Supplied records:

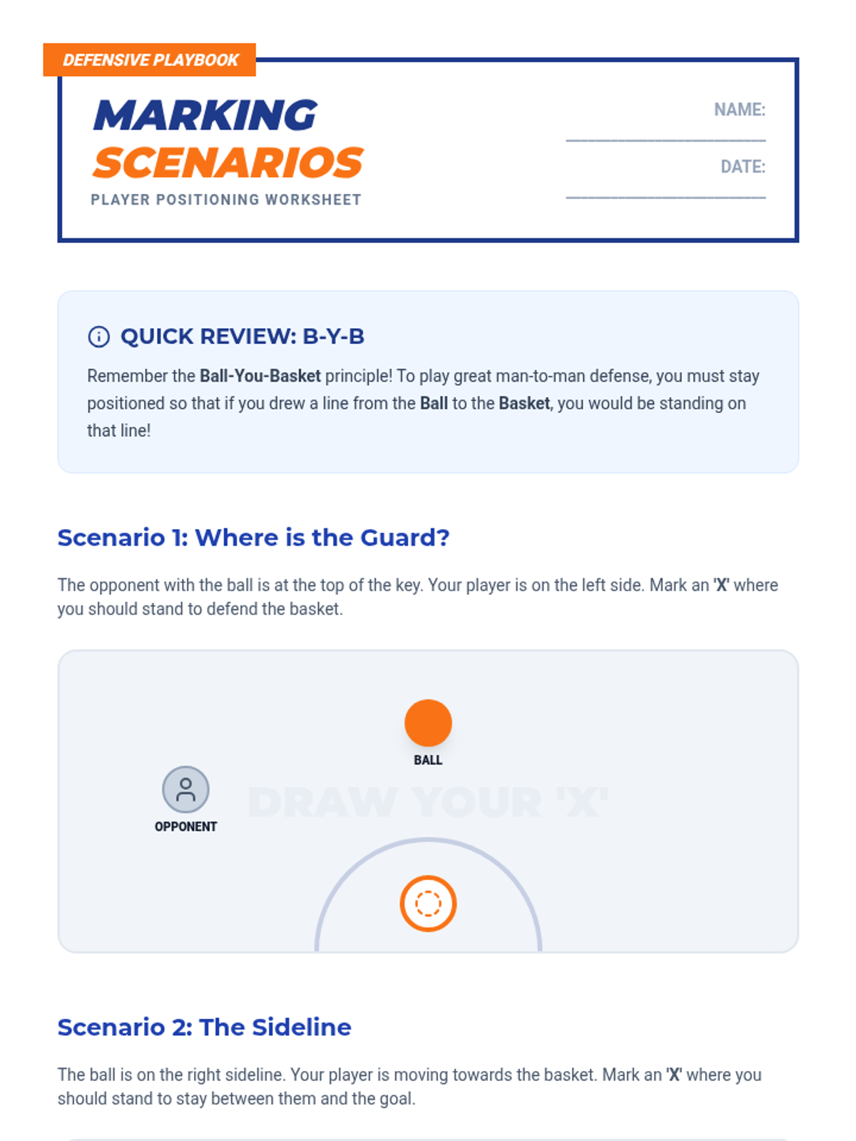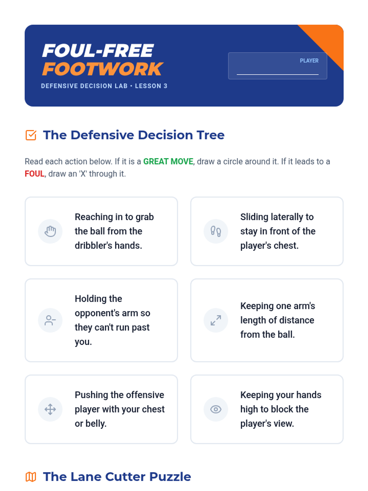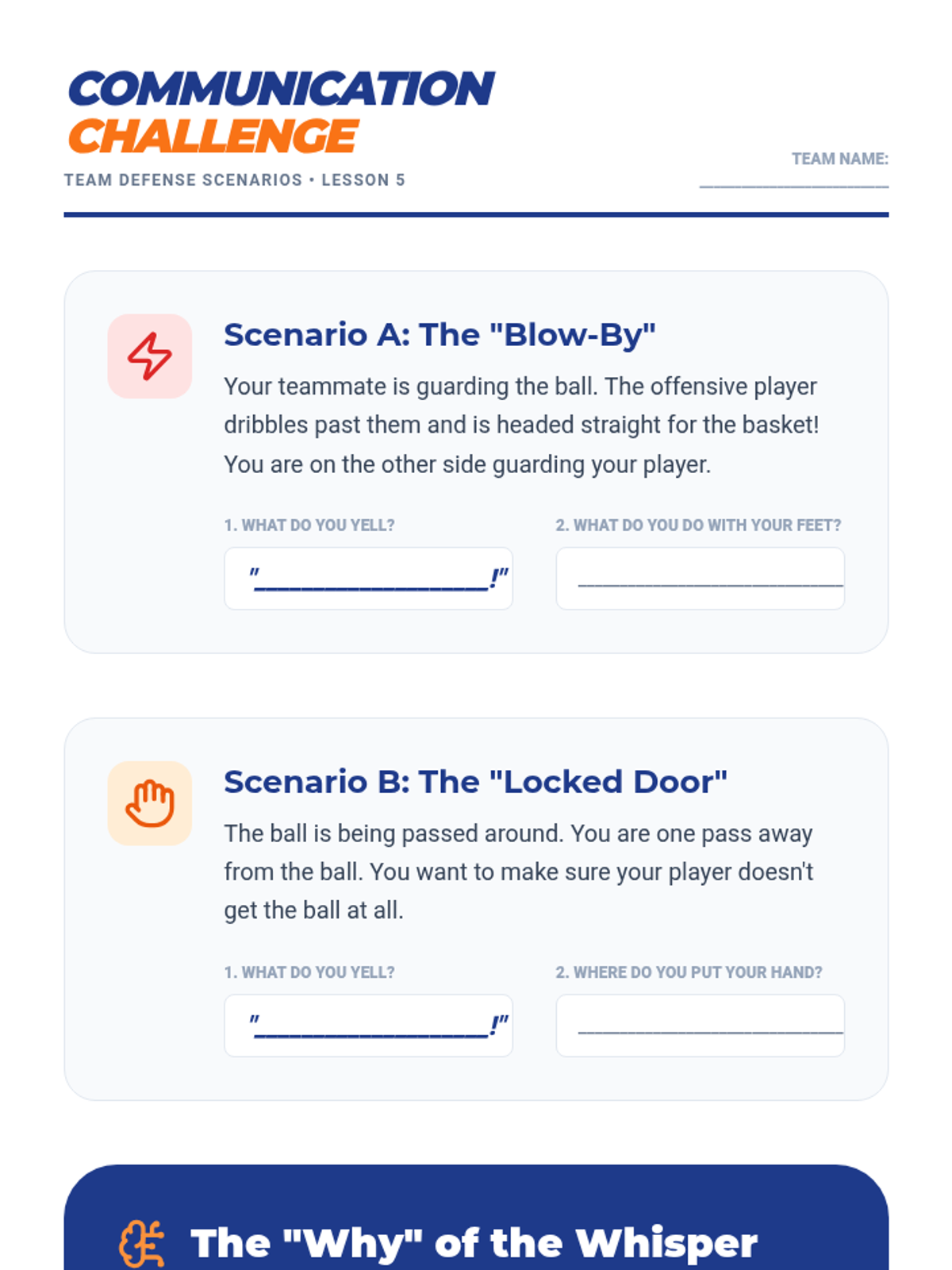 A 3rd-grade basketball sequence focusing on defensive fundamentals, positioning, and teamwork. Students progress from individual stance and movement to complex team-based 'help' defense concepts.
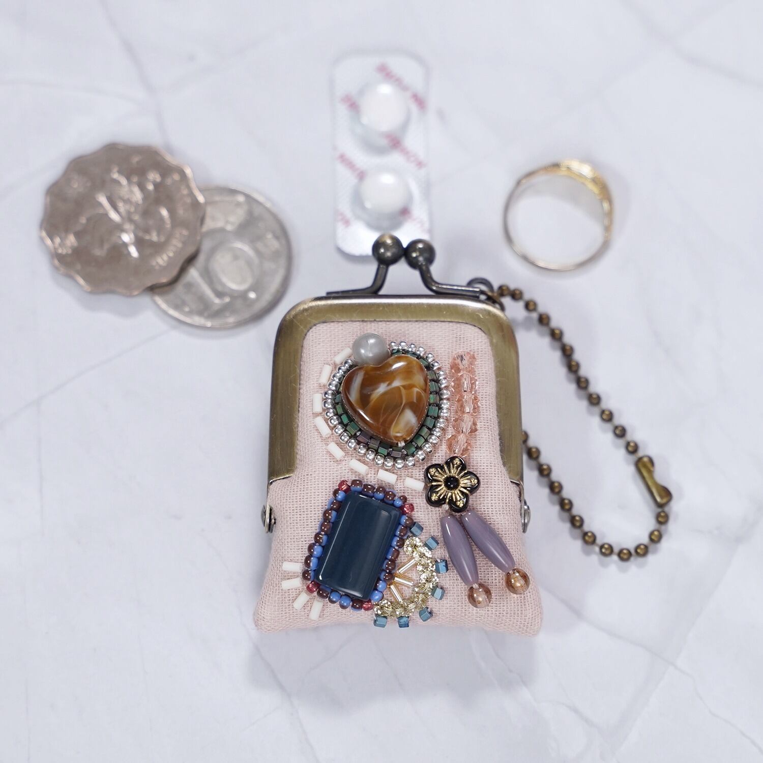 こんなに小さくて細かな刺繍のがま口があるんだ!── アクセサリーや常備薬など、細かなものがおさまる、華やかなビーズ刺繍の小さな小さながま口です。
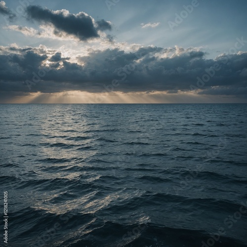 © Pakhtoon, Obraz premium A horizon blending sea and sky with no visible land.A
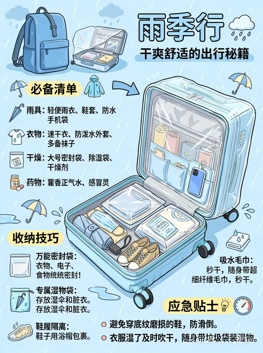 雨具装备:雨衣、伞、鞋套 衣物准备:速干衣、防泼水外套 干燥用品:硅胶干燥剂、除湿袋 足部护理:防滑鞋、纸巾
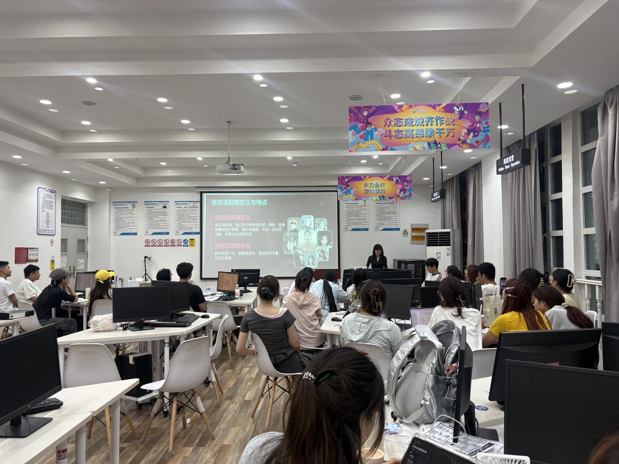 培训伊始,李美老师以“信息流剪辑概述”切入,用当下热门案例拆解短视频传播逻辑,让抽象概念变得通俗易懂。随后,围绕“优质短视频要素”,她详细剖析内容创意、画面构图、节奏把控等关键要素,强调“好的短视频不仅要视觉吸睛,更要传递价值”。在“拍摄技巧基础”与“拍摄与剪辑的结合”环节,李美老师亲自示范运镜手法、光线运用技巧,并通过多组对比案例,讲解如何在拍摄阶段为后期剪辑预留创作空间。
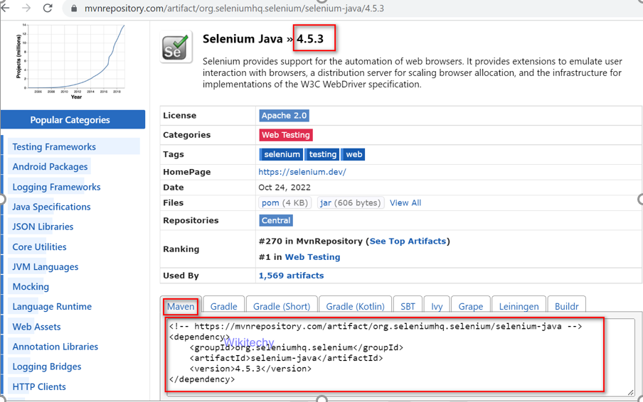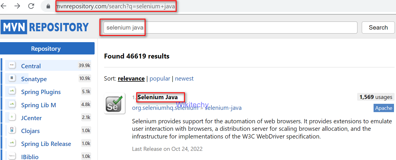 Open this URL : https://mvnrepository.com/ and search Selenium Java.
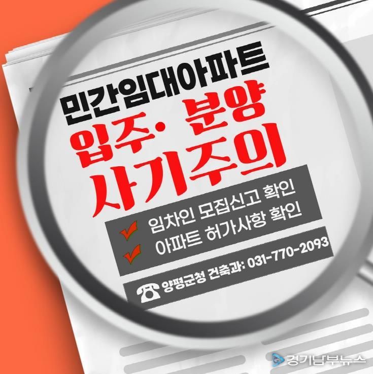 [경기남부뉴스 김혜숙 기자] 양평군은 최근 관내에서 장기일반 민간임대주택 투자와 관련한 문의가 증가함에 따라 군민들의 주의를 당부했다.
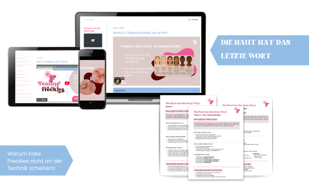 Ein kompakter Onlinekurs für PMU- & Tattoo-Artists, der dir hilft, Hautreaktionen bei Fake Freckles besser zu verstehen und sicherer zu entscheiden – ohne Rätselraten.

--

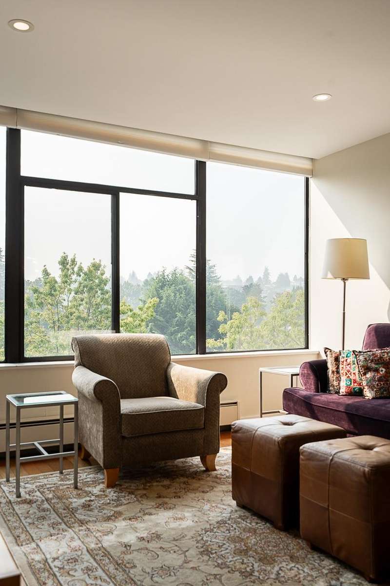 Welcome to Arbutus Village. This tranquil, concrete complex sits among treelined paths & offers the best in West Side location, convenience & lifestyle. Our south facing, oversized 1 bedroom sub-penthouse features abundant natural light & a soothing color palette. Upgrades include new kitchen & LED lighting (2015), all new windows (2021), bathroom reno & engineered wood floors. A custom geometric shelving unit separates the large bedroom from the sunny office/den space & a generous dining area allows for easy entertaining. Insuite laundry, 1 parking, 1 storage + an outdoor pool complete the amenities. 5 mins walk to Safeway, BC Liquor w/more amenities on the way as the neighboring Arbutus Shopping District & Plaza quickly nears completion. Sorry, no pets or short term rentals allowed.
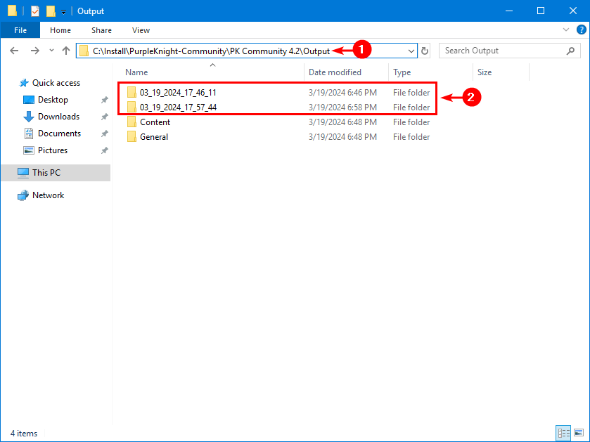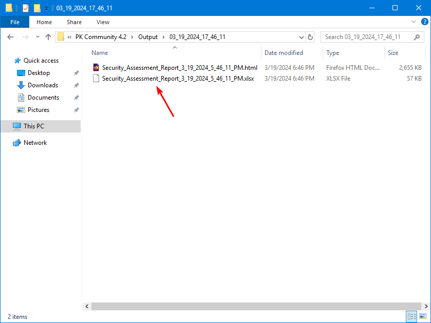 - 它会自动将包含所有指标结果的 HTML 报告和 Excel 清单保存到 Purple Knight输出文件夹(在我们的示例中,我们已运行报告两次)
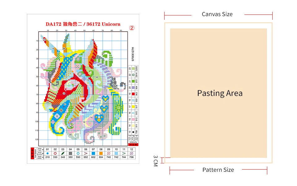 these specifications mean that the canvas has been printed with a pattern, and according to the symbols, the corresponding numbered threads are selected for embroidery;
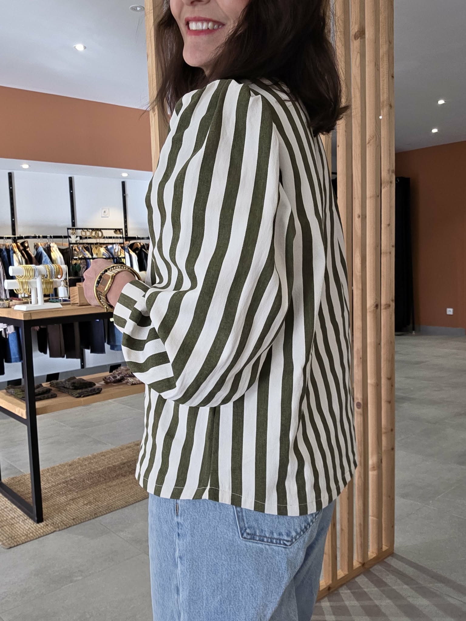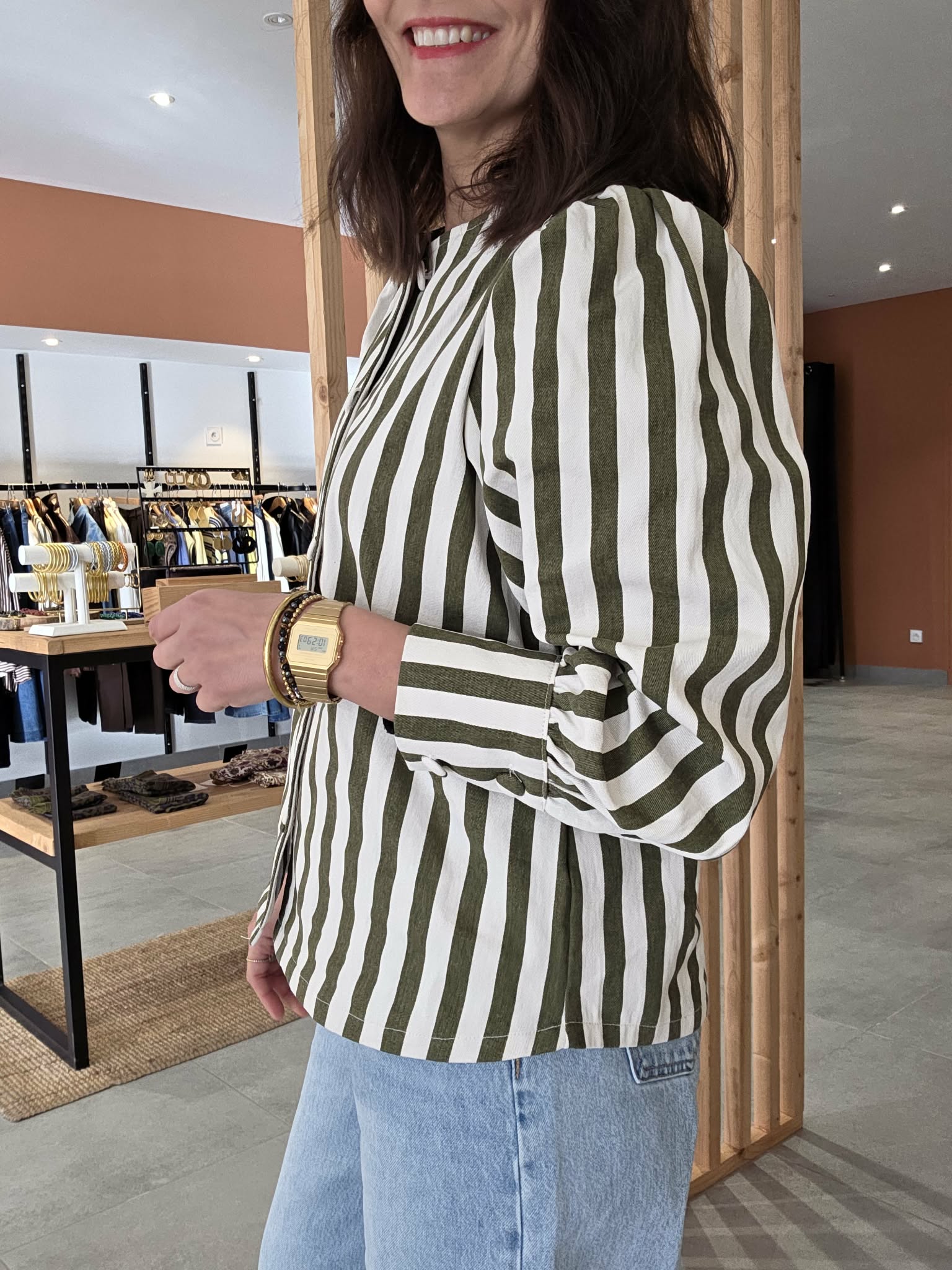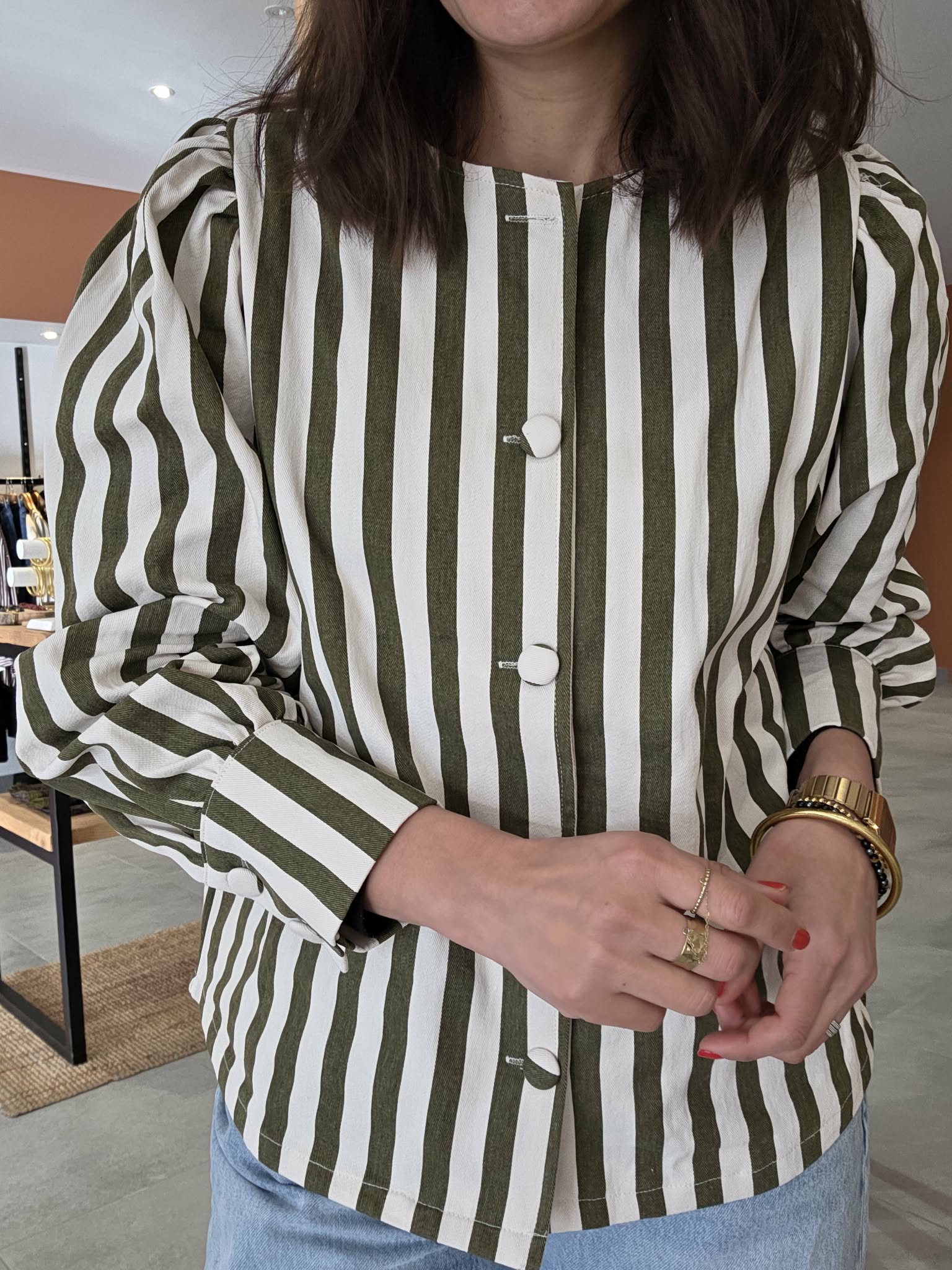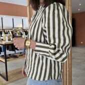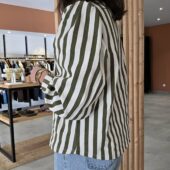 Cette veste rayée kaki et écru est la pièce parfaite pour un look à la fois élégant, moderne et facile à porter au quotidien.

Your objective: Beginning with the line above that has "no visible land.A" and going on through the line that has "Ein kompakter Onlinekurs", retype every line exactly and add nothing else; drop the pictures.

Solved problem:
 © Pakhtoon, Obraz premium A horizon blending sea and sky with no visible land.A
 雨具装备:雨衣、伞、鞋套 衣物准备:速干衣、防泼水外套 干燥用品:硅胶干燥剂、除湿袋 足部护理:防滑鞋、纸巾
 培训伊始,李美老师以“信息流剪辑概述”切入,用当下热门案例拆解短视频传播逻辑,让抽象概念变得通俗易懂。随后,围绕“优质短视频要素”,她详细剖析内容创意、画面构图、节奏把控等关键要素,强调“好的短视频不仅要视觉吸睛,更要传递价值”。在“拍摄技巧基础”与“拍摄与剪辑的结合”环节,李美老师亲自示范运镜手法、光线运用技巧,并通过多组对比案例,讲解如何在拍摄阶段为后期剪辑预留创作空间。
 Open this URL : https://mvnrepository.com/ and search Selenium Java.
 [경기남부뉴스 김혜숙 기자] 양평군은 최근 관내에서 장기일반 민간임대주택 투자와 관련한 문의가 증가함에 따라 군민들의 주의를 당부했다.
 Ein kompakter Onlinekurs für PMU- & Tattoo-Artists, der dir hilft, Hautreaktionen bei Fake Freckles besser zu verstehen und sicherer zu entscheiden – ohne Rätselraten.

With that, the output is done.